• DATA EXTRACTS
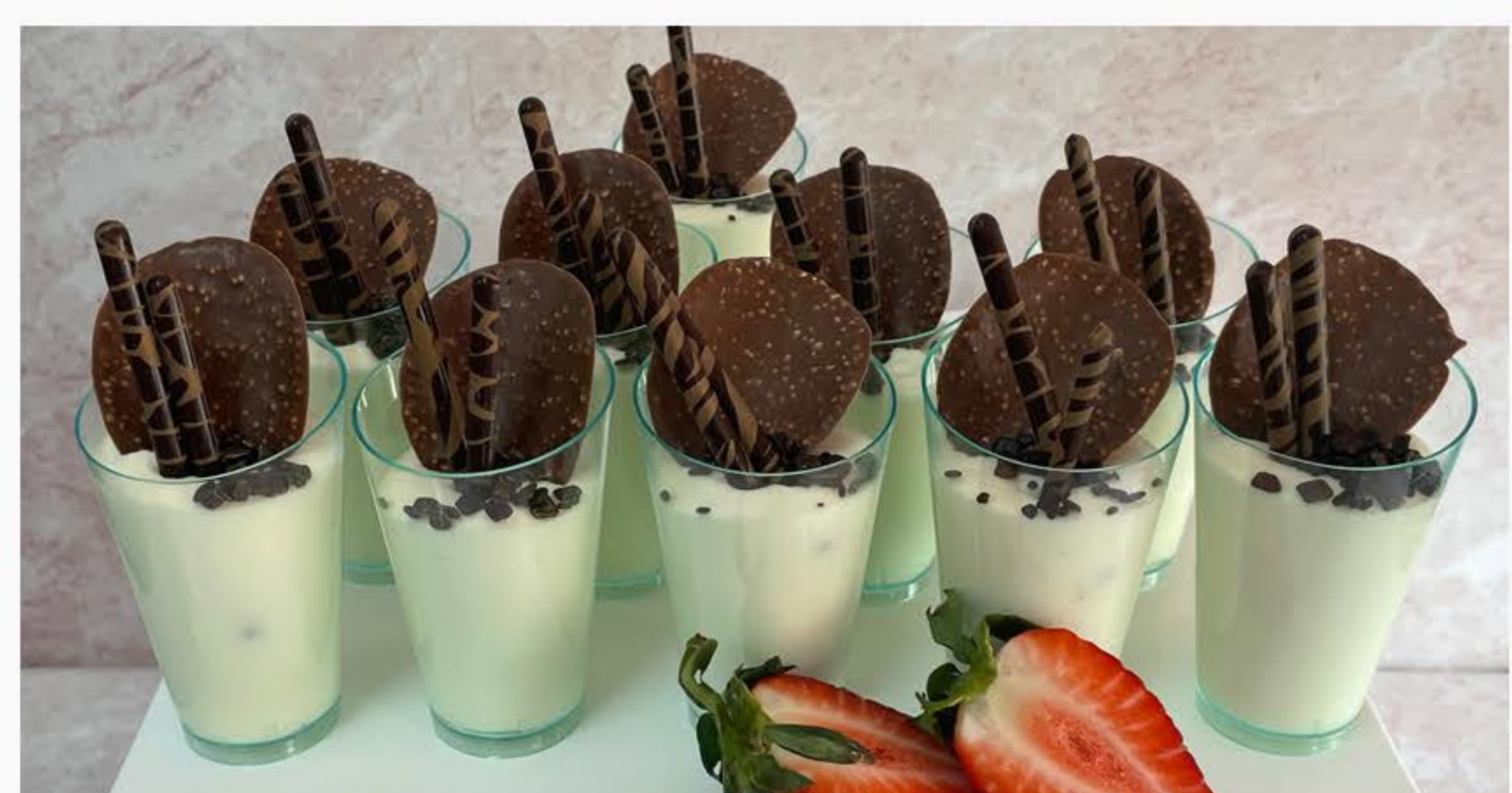
MUS Z BIAŁEJ CZEKOLADY
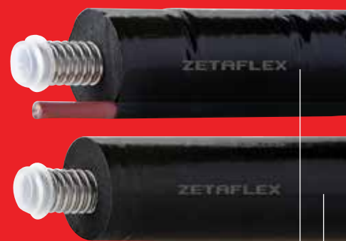
Monotubo con cavo sensore. Single-pipe with sensor cable.

Black smooth polyolefin copolymer outer film featuring high mechanical strength, and resistance to weathering and UV rays. 4-5 wire sensor cable.
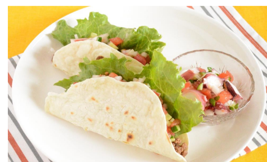
初夏のピリ辛メキシコごはん

『季節の彩りワンプレートごはん』のプログラムはどなたでも参加可能です。詳細は予約・受講方法をご確認ください！
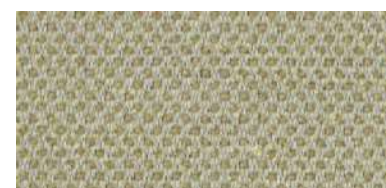
nina | 1102
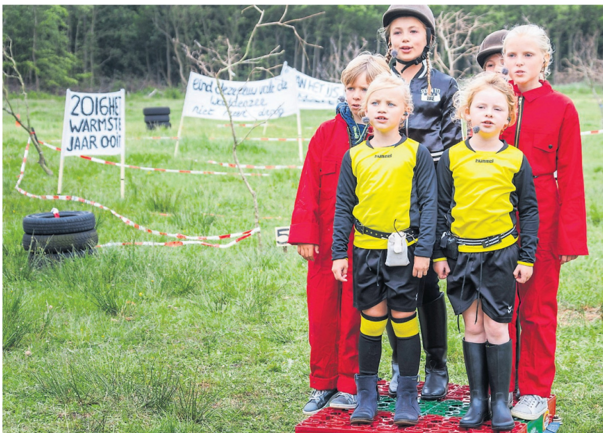
In de interactieve voorstelling Hallo dampkring probeert de nieuwe generatie de oudere met liedjes, spandoeken en door bomen te planten bewust te maken van de problemen die zij voor haar creëert.
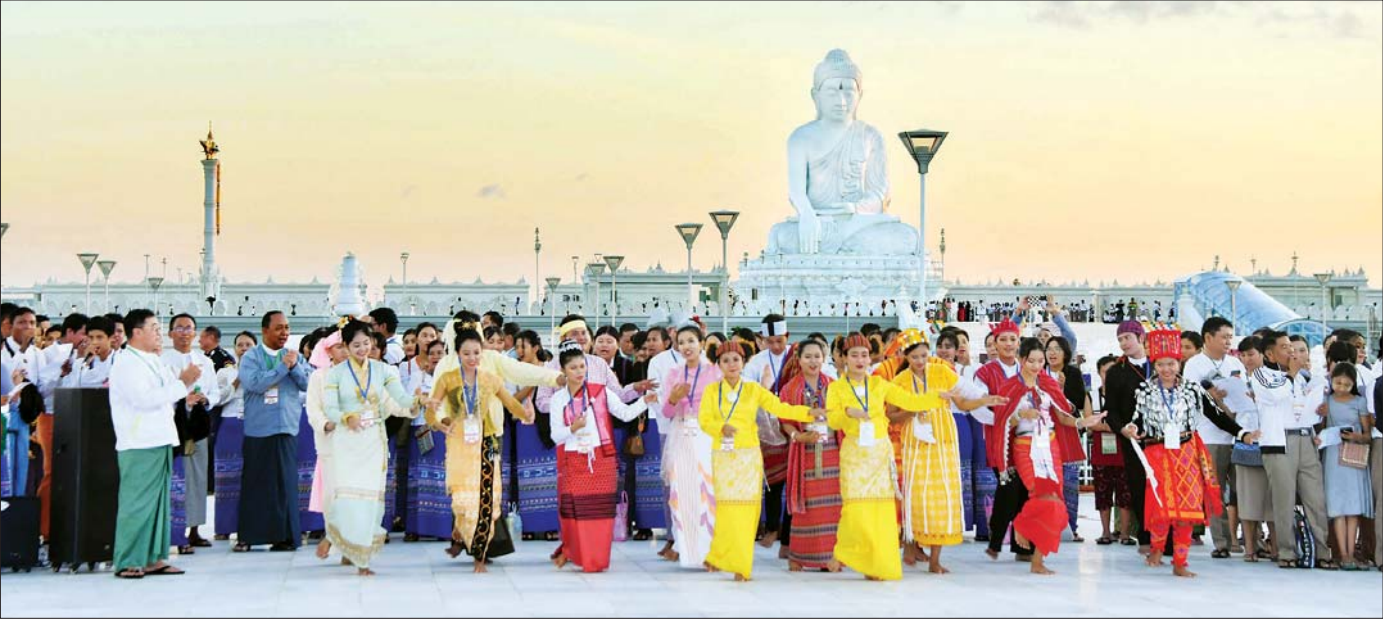
မီးပုံးပျံများ လွှတ်တင်ရန်ပြင်ဆင်မှုများ ဆောင်ရွက်နေချိန်တွင် တိုင်းရင်းသားယဉ်ကျေးမှုအဖွဲ့များက တိုင်းရင်းသားရိုးရာအကအလှများဖြင့် သီဆိုကပြဖျော်ဖြေတင်ဆက်ကြစဉ်။
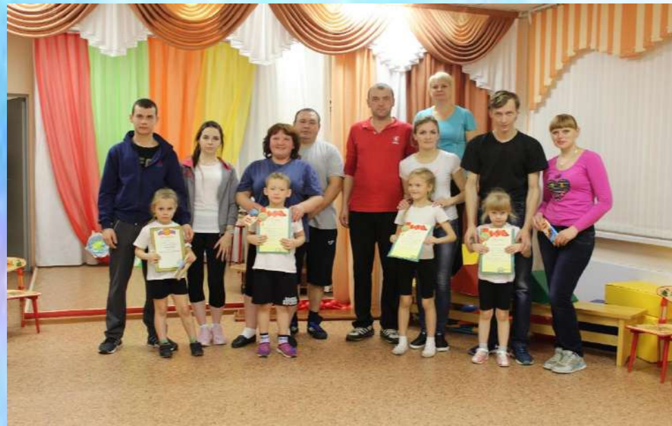
Совместные с родителями спортивные праздники
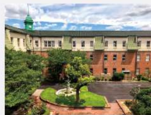
大阪府立工芸高等学校 本館 (大阪市指定有形文化財)

※1923年 大阪市立工芸学校開校 / 1948年 大阪市立工芸高等学校に変更 / 2022年 大阪府立工芸高等学校に名称変更
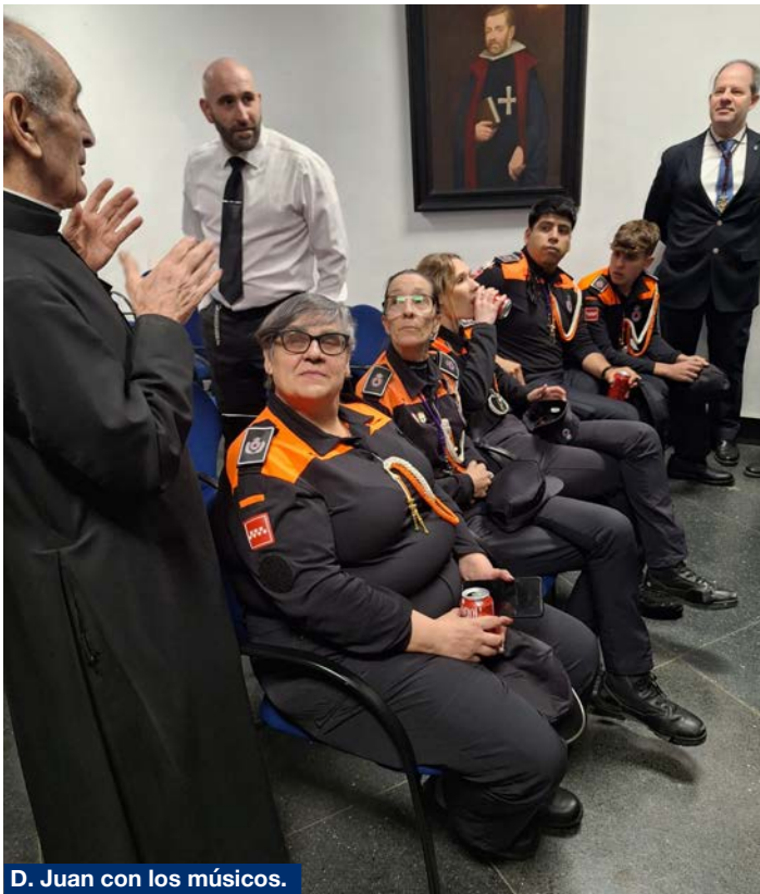
D. Juan con los músicos.
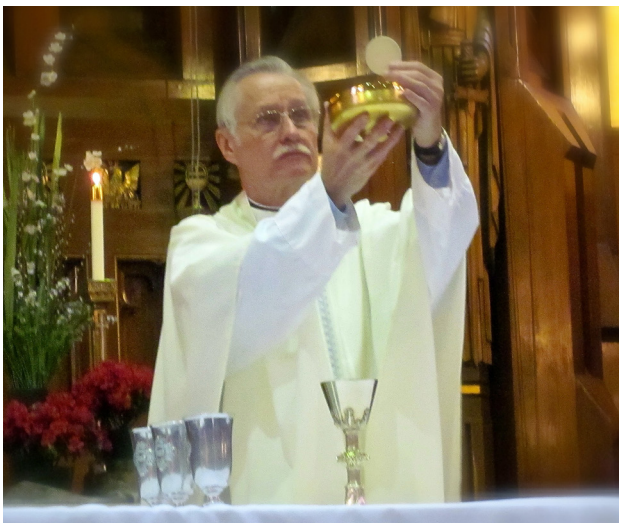
Monseñor Jim Kaczorowski durante la Consagración.

Observaba a un equipo de adultos y niños jóvenes trabajando en un silencio mayormente ininterrumpido –ambientado con música suave de fondo y roto sólo ocasionalmente por conversaciones susurradas- por casi una hora. Me encontré desarmado e hipnotizado por un silencio que me di cuenta de que no era vacío ni vacío, sino rico y lleno de oración. Me sorprendió
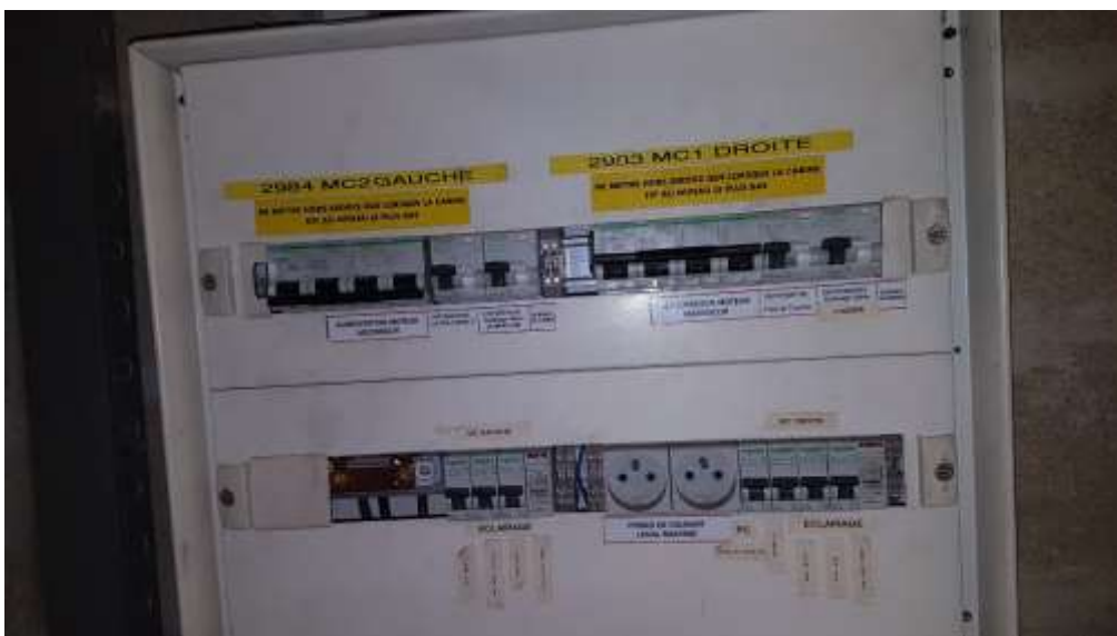
DTU Machinerie Monte-charges.
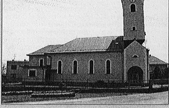
Nové okolie nášho kostola

500 g medu, 1/2 šálky vody, 250 g ražnej múky, 250 g pšeničnej múky, 100 g nadrobno pokrájaného citronátu môže byť i lyžička citronády/20 g medovníkového korenia, 20 g jedlej sódy. Takto sa to podarí: Med prevaríme a necháme vychladnúť. Ražnú i pšeničnú múku preosejeme na dosku, pridáme citronát, medovníkové korenie a s medovou vodou vymiesime na tuhé cesto. Nakoniec primiešame jedlú sódu, cesto zakryjeme a necháme 24 hodín odležať. Cesto rozvalkáme na hrúbku 5 mm, vykrojíme ozdoby a pečieme na vymastenom plechu v rúre predhriatej na 200° C.
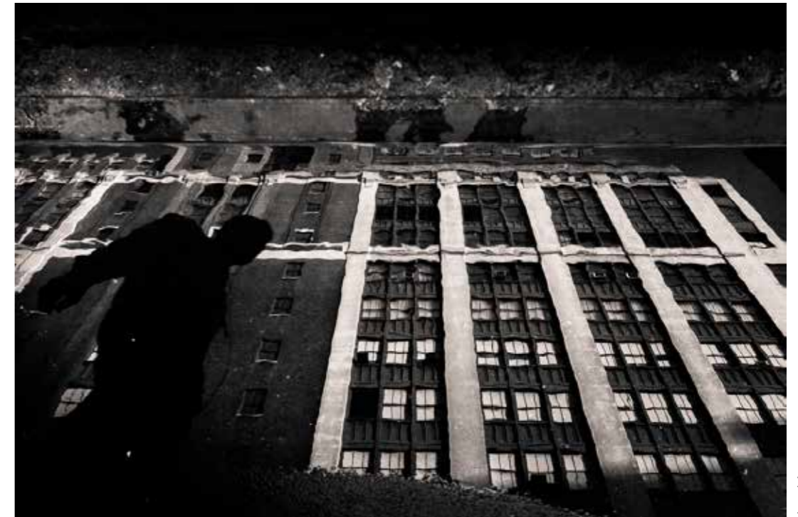
Lo Kee Window(s)
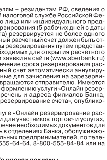
ОАО «Сбербанк России». Генеральная лицензия Банка России № 1481 от 08.08.2012. На правах рекламы.
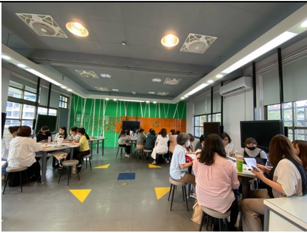
各年級分組討論 簽到表
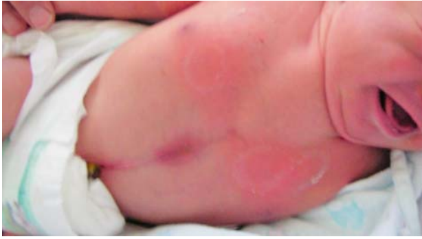
Slika 1. Bolesnik s rascjepom prsne kosti Figure 1. Patient with sternal cleft
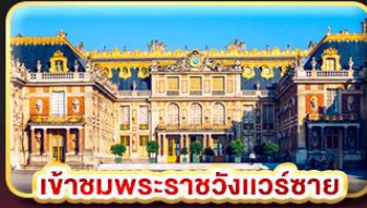
เข้าชมพระราชวังแควร์ซาย
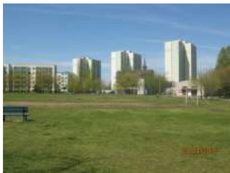
Fot. 3. Rozległy teren przeznaczony w projekcie mpzp pod lokalizację usług sportu i rekreacji (US)
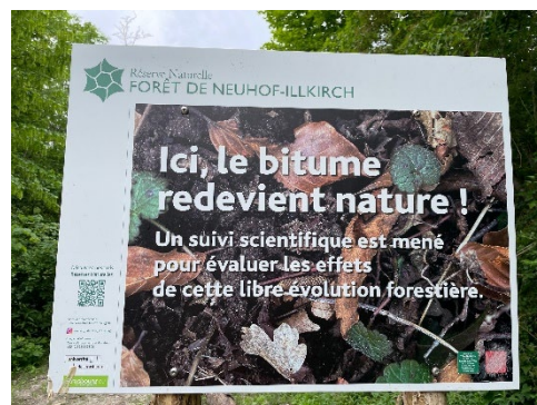
Renaturation de voiries forestières dans la réserve naturelle nationale de Strasbourg-Neuhof / Illkirch-Graffenstaden.

Strasbourg présente la particularité unique d'avoir créé et de gérer 3 réserves naturelles nationales constituées de forêts alluviales périurbaines. Un statut favorable à la protection de la richesse biologique qu'il faut concilier avec les usages, tout particulièrement la promenade et les sports de loisirs, comme dans la forêt de
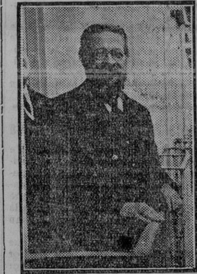
Mr. Albert Thomas, líder socialista belga, presidente del Comité Internacional del Trabajo, que ha fallecido en París

El Juzgado de guardia ordenó el traslado del cadáver al departamento Anatómico, pasando las diligencias al Juzgado del Salvador.
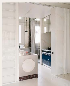
WONEN EN KOKEN
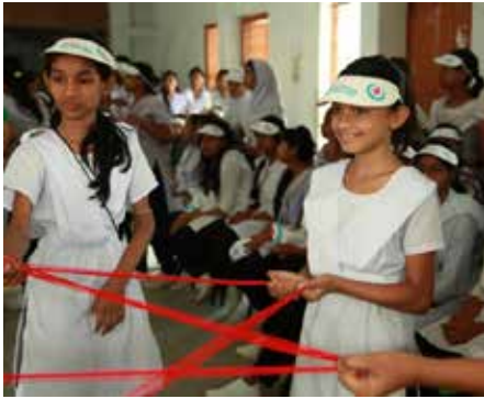
សិស្សស្រីនៅក្នុងប្រទេសបង់ក្លាដេសលេងល្បែងថាមពលក្នុងអំឡុងពេលវគ្គបណ្តុះបណ្តាលអំពីការគ្រប់គ្រងអនាម័យក្នុងពេលមានរដូវដែលបានរៀបចំដោយអង្គការសប្បុរសធម៌ WASH United ។
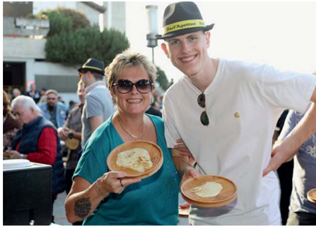
Fiers de poser avec leur raclette sur l'assiette en bois.
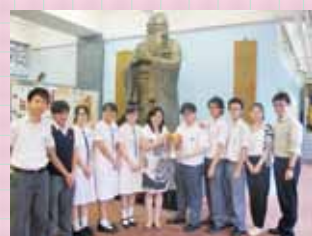
勇奪評判推介獎後合照
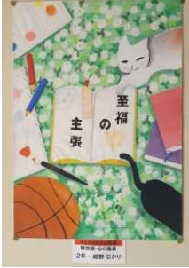
至福の主張 2年・紺野 ひかり
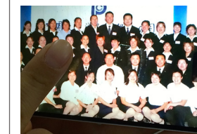
Ren peger på et foto af sig selv i uniform. Det var dengang, hun endnu arbejdede som jurist. I dag går hun altid i løsthengende klæder, som en symbolsk markering af sin nyvundne frihed.

• EXERCISE DIRECTIONS
In the entries above, how many lines include the word "cable"? Give only that number.

• ANSWER TO THIS TASK
2